Zenoss, if you aren't aware, can use several methods of obtaining the data which it graphs (and subsequently monitors). One option is to put an agent on the client machines (much like Zabbix can do), and another is to connect via ssh to run custom commands to retrieve values.
A final option is to use SNMP, and this is the preferred method for us because it scales well, and there's wide support for it. If you're planning to monitor both normal host and networking equipment then you'll be looking at using SNMP to some degree anyhow, so it makes sense to me to use it wherever possible, and not needlessly fragment your monitoring solution.
The downside of this is that there needs to be the information in the SNMP tree in the first place that you want to monitor. For typical values such as network traffic and CPU load this is the case, but for more exotic usages like database performance monitoring this isn't so. This is the point where my personal thinking on the matter seems to diverge from the way most people seem to handle it.
Typically (in the case of Zenoss at least) you would employ a Zenpack (basically a plugin) at this point to enable the Zenoss host to have an understanding of how to monitor the database. My issue with this is that it puts the gathering stage of the data into the monitoring host. You no longer have just a simple monitoring ability but now you've also built into your monitoring host the collecting and processing of the information. Down the road when you want to change monitoring solutions you'll be in trouble because not all the data you want to model is in the SNMP tree any more.
To give some examples, in Zenoss if you want to monitor varnish (HTTP reverse proxy) you're looking at giving the monitoring host the ability to ssh to the machine in question and run some varnish related commands (varnishstat, et al.), so now you've got an ssh route from your monitoring host to multiple machines in your estate. This is, perhaps, bad. Particually if / as / when your monitoring host gets hacked.
In the case of postgresql however, the situation is even worse, as the Zenpack publicly available expects to be able to connect to the postgresql port (5432 TCP), so now you've added the ability to connect to your databases from the monitoring host. This is bad, in my opinion ! There's no need for it, and there's no demarcation point in terms of responsibility between providing the information and handing it off to those that consume it.
The way I'd like to deal with this is by having the database servers provide the information by extending a portion of their SNMP tree, which means all the credentials needed to access the information stay on the server (in this case, none as it'd be a cron job by the postgres user -- oh yea, and because it uses a remote login, the Zenpack option needed superuser access on the database).

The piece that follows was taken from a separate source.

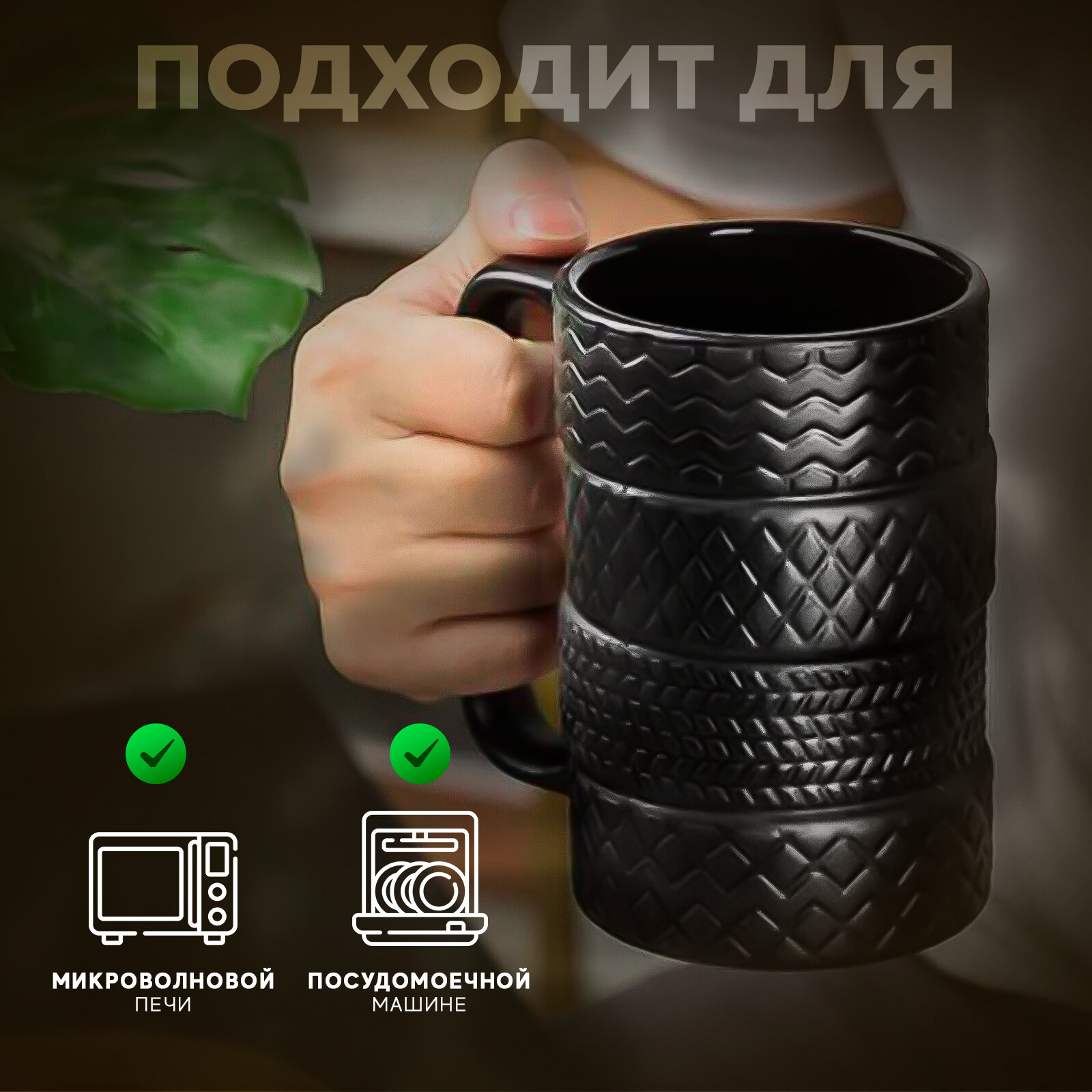 Кружка керамическая "Шины", 460 мл, цвет чёрный

Then use a more simple Zenpack on the Zenoss host which simply consumes the SNMP information and then graphs it.
In my opinion this greatly simplifies the monitoring host, removes the tendency for the monitoring host to have scope creep (and subsequent logical access to everything you want to monitor), and is a much cleaner design.
What I'm not sure of, is why this isn't the normal mode of operating for people ? (As in, instead of a do-it-all badly Zenpack, you'd provide an SNMP prefix to extend upon, a script to grab the data and publish it there, and then a simpler Zenpack to graph that information) I realize that's three moving parts as opposed to one, but in the days of configuration management, I think it's a much better design, and more portable in the future when you want to move to a new monitoring solution.
The scope for vendor lock in using out-of-band Zenpacks is alarming.